Description Thomas Cadeau 2015-10-29 03:18:03 MDT
Created attachment 2353 [details]
check for non null pointer for ctx

On clusters very busy, it happens a srun is launched whereas a user already Ctrl+C it.
In this case, it results to 2 errors and a segfault.

I think we can keep the 2 errors. 

$ srun hostname
^Csrun: Job allocation 51 has been revoked
srun: Force Terminated job 51
srun: error: Not a valid slurm_step_ctx_t!
srun: error: Application launch failed: Invalid argument
Segmentation fault (core dumped)

I attach a patch to avoid this segfault.
The concerned function is slurm_step_launch_abort.
Comment 1 Tim Wickberg 2015-11-06 10:45:35 MST
Not sure why this wound up stuck as "6 - No Support Contract" ticket (which are dealt with outside our normal support workflow), but I'm fixing that here now.

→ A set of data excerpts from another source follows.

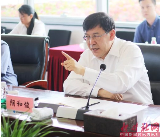 在会议室,阴和俊观看了企业宣传片,并与集团领导班子成员进行了座谈交流。
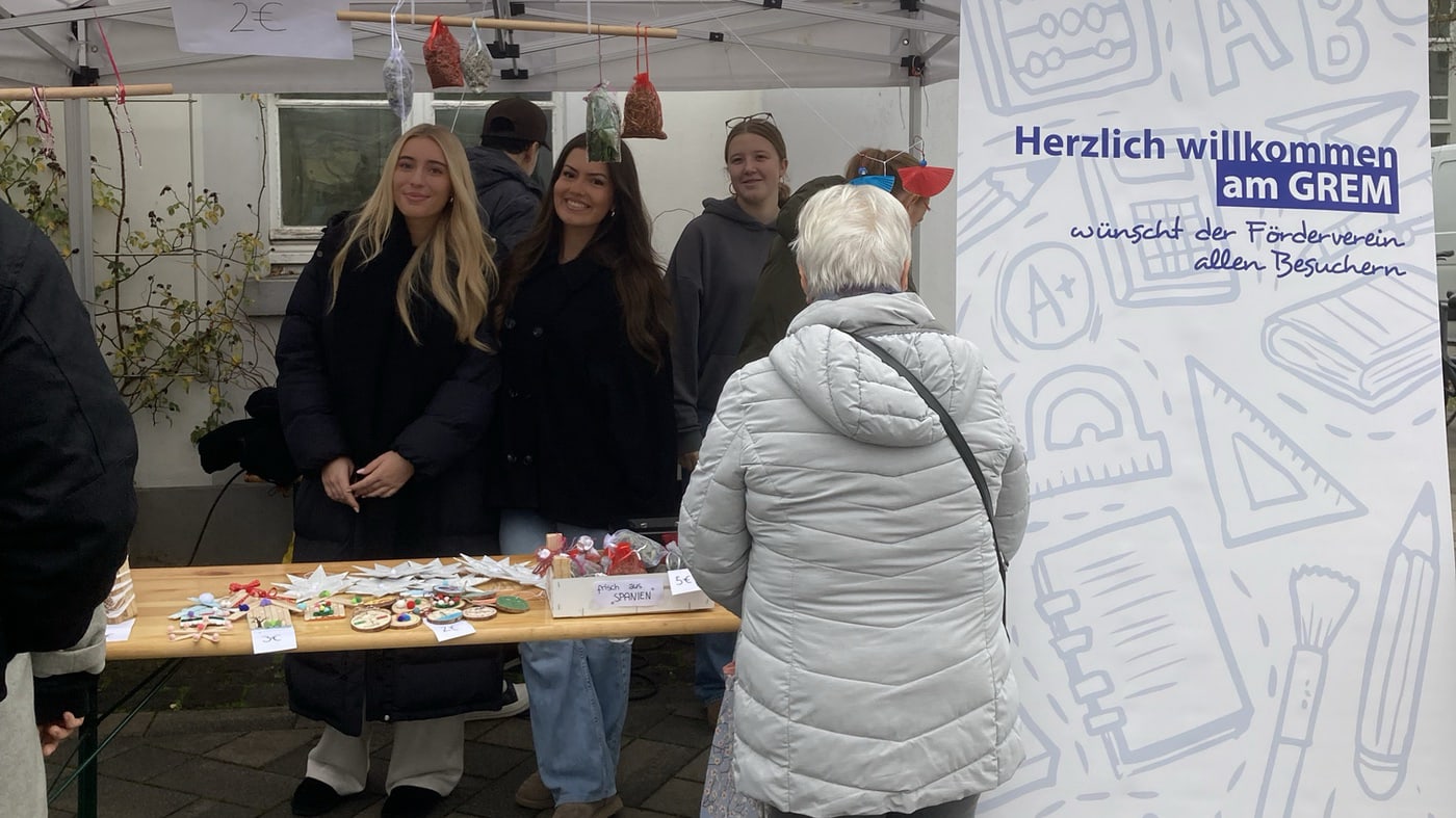 Mit einem kunterbunten Stand voller selbst gebastelter Weihnachtsdekoration und leckeren Waffeln bereicherte unsere Q1 das adventliche Treiben rund ums Moerser Schloss. Der Erlös fließt in die Abikasse. Schön war’s!
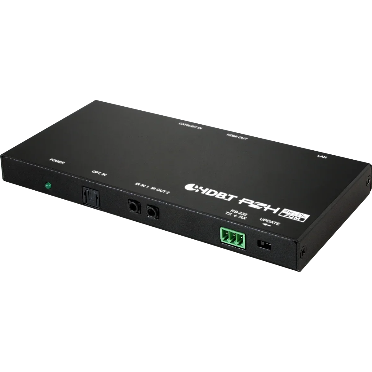 HDMI with HDR, 3D & 4K@60Hz support, Supports Deep Color input and output up to 12-bit, Supports CEC bypass, Simultaneous reception of uncompressed video, audio and data over a, single Cat.5e/6/7 cable up to 100m/328ft at 1080p60 and 70m/230ft at 4K, HDBaseT feature support: HD Video and Audio, 100BaseT Ethernet, 48V PoH, and Control (bidirectional IR/RS-232 pass-through)
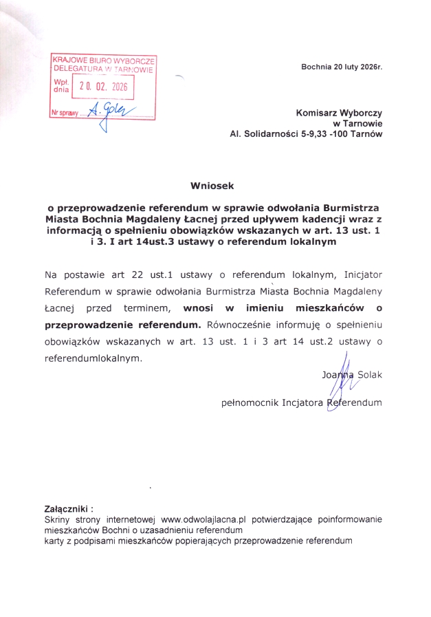 W dn. 20 lutego 2026 r. Pełnomocnik Inicjatora Referendum w sprawie odwołania Burmistrza Miasta Bochni Magdaleny Łacnej przed upływem kadencji na podstawie 22 ust. 1 ustawy z dnia 15 września 2000 r. o referendum lokalnym (Dz. U. z 2025 r. poz. 472) złożył wniosek wraz z kompletem wymaganych dokumentów i podpisami mieszkańców Bochni popierających, którzy poparli inicjatywę referendum do Delegatury Krajowego Biura Wyborczego w Tarnowie o wyznaczenie terminu i przeprowadzanie przedmiotowego referendum.
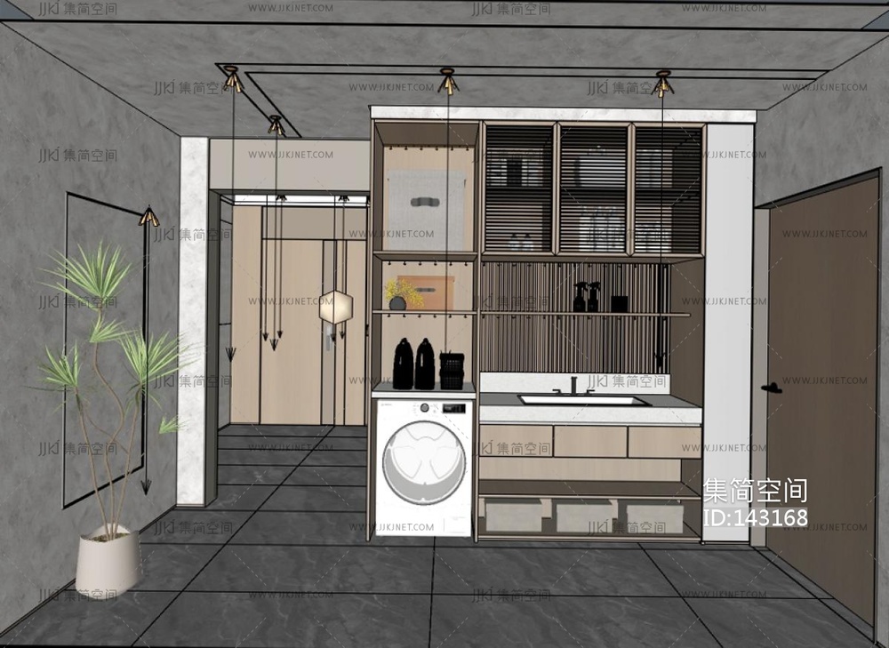 现代家居洗衣房U模型 su草图模型下载 [模型ID:143168]

David - can you look into this on Monday?
Comment 2 David Bigagli 2015-11-08 19:48:14 MST
Commit a12fb24fda497c72f5d25ae to improve logging in order to distinguish
where in the code the error happened.

David
Comment 3 David Bigagli 2015-11-08 19:56:59 MST
Hi Thomas,
          do you have a stack of the core dump?

David
Comment 4 David Bigagli 2015-11-08 21:22:26 MST
I see how this can happen if the signal handler runs during the job allocation
and the step_context is not set but left to NULL. This is probably a very rare
situation yet still has to be fixed. The code has to be changed in some other
places as well as you can see by looking at the final diffs.
Commits: 39fed766318 and 1da8e3f065f0b9.

Good catch! Thanks.

David